Once the pictures are set aside, reproduce the remaining data exactly.

§ Input data

|---|

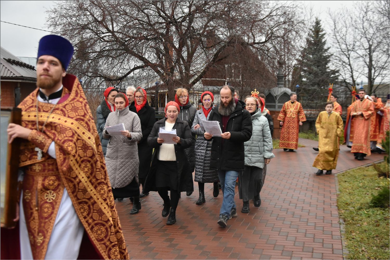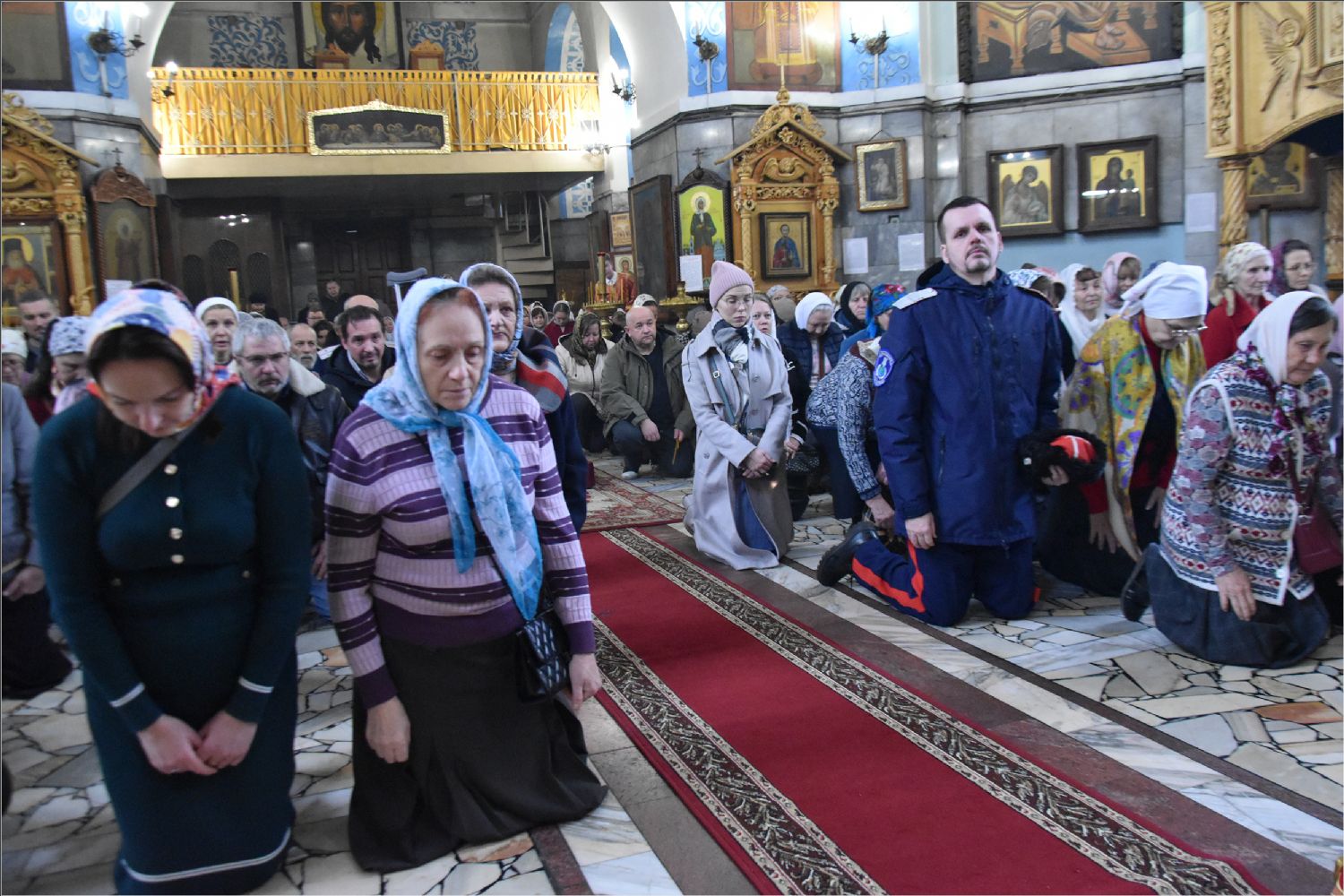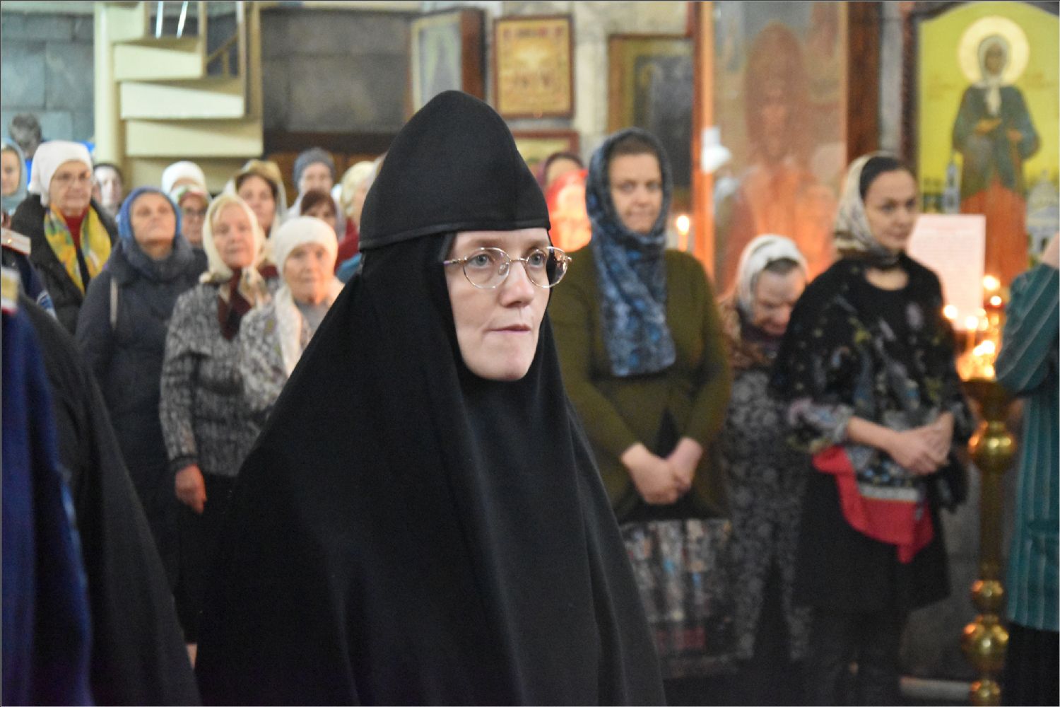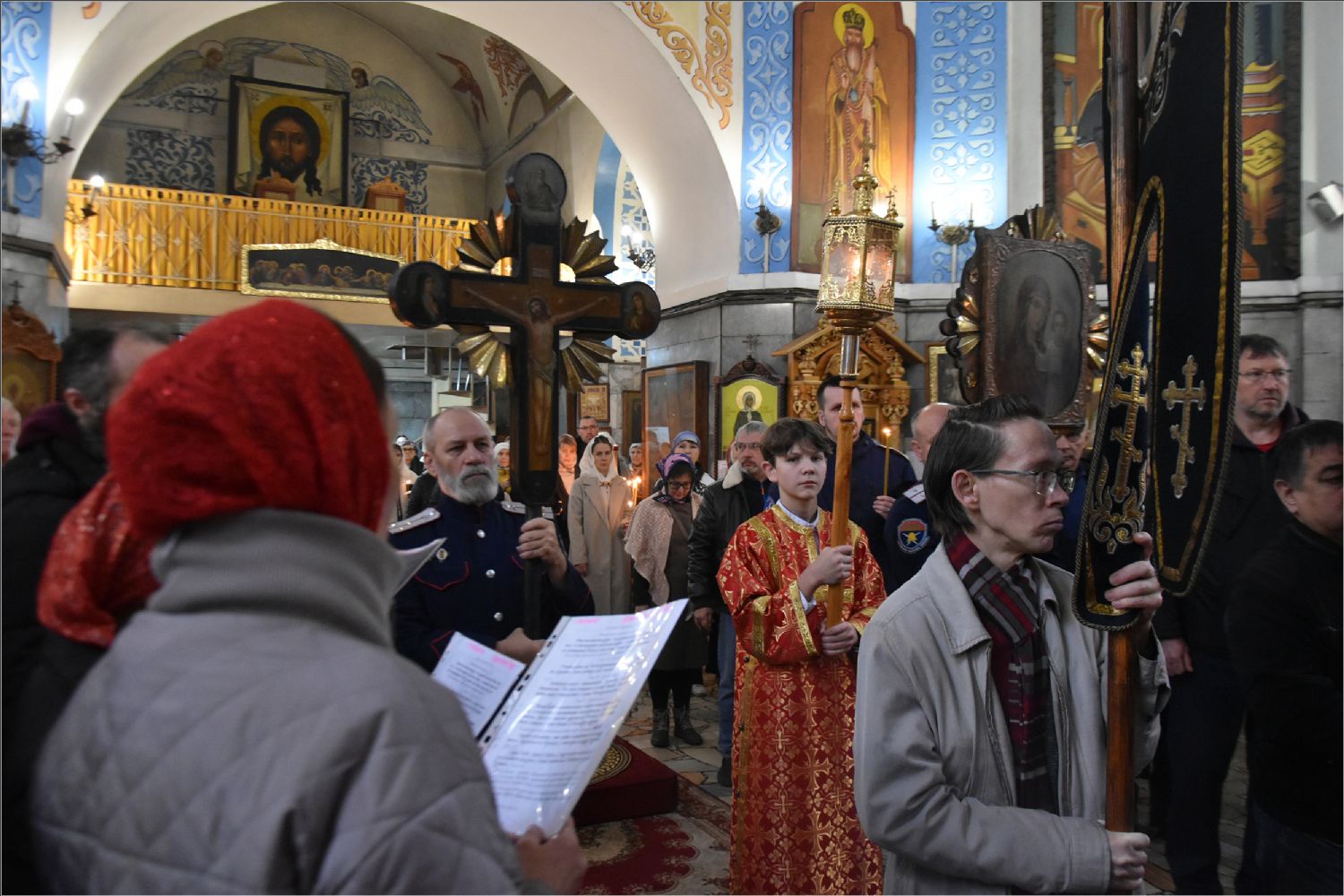 На мирной и сугубой ектениях были вознесены молитвы о Российском воинстве и о мире. По запричастном стихе проповедь произнёс иерей Александр Миронов.
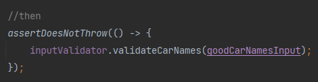 assertThatThrownBy(() -> inputValidator.validateCarNames(input))
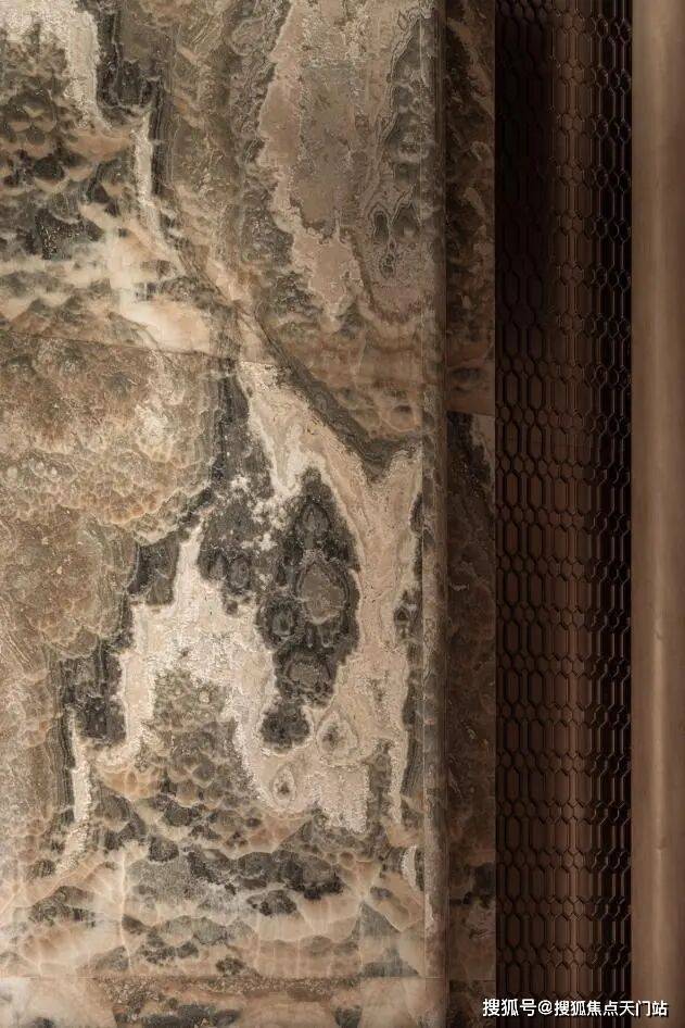 整个公区的引入沉香米黄、透光云石、安哥拉黑、福鼎黑、橙皮红、宝格丽紫等近二十种全球奢石,宛如一座流动的奢石博物馆。

|---|

§ Exercise response
 На мирной и сугубой ектениях были вознесены молитвы о Российском воинстве и о мире. По запричастном стихе проповедь произнёс иерей Александр Миронов.
 assertThatThrownBy(() -> inputValidator.validateCarNames(input))
 整个公区的引入沉香米黄、透光云石、安哥拉黑、福鼎黑、橙皮红、宝格丽紫等近二十种全球奢石,宛如一座流动的奢石博物馆。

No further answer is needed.